Christopher Parinno, 36, a Long Island carpenter and electrician, Thursday pleaded not guilty to charges that he was an accomplice to the crime and was expected to post $50,000 bail.

He was indicted Wednesday on charges of criminal facilitation -- allegedly engaging "in conduct which provided" the killer the "means or opportunity" to commit the murder -- and hindering prosecution for allegedly "suppressing physical evidence that might aid in the discovery or apprehension" of the killer.

Suffolk County District Attorney Thomas Spota has charged Daniel Pelosi, 40, also an electrician, with committing the crime, striking Ammon in the head 31 times with a blunt object. Ammon was found dead in the bedroom of his mansion in the tony Long Island beach town of East Hampton.

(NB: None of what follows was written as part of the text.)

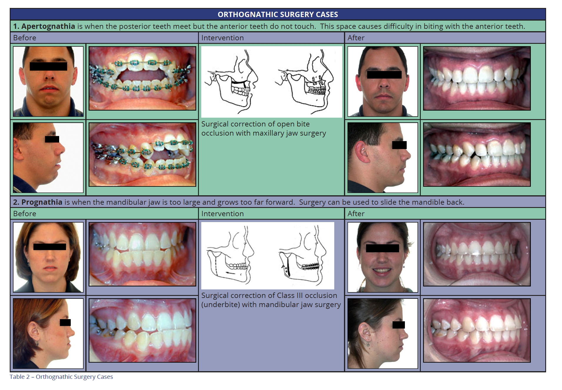 Table 2 illustrates situations that lend themselves to orthognathic surgery.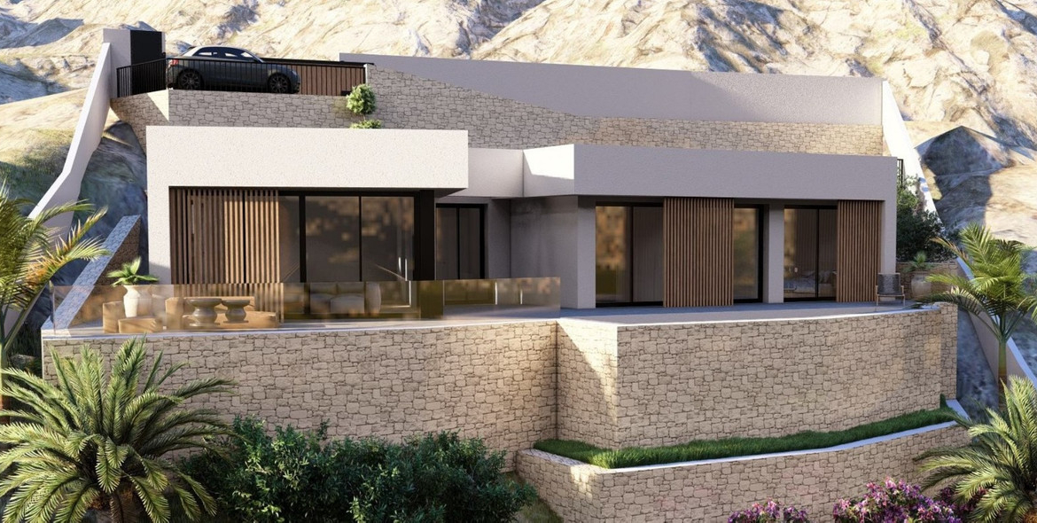 This fantastic project has been designed to sit on a large plot of 1000m2 with stunning mountain views in the Monte Solana area of Pedreguer. Just 3 minutes drive from the village and less than 15 minutes from the coast of Denia. This plot is SOUTH facing with spectacular views to natural park and mountains.

Pelosi pleaded not guilty on a single charge of second-degree murder on March 23 and is being held without bail. If convicted he could receive 25 years to life in prison.

If convicted of aiding Pelosi, Parinno could be sentenced to a maximum of 15 years in prison.

"We've always maintained that we have no complicity in the murder," Parinno's attorney Ray Perini said in a telephone interview. "When we get this in front of a jury we are confident he will be found not guilty."

Parinno is married with a 6-year-old child, and his wife is expecting a second child.

Perini said that Parinno and Pelosi had worked together for a number of years.

"They're friends. They know each other," said Pelosi attorney Paul Bergman. "He [Parrino] is not any more guilty of aiding Danny Pelosi ... than Danny Pelosi is guilty of what he's been charged."

Ammon, 52, was an investment banker worth more than $50 million.

A grand jury was impaneled last June to review evidence and testimony regarding his murder.

Suspicion has hovered over Pelosi because of his romance at the time with the victim's estranged wife, Generosa, who went on to inherit half of Ammon's fortune, and married Pelosi three months later.

Generosa Ammon died of breast cancer in July 2003. She left Pelosi $2 million and the rest of her money -- more than $30 million -- to the now 14-year-old twins from Ukraine she had adopted with Ammon. Pelosi is contesting her will.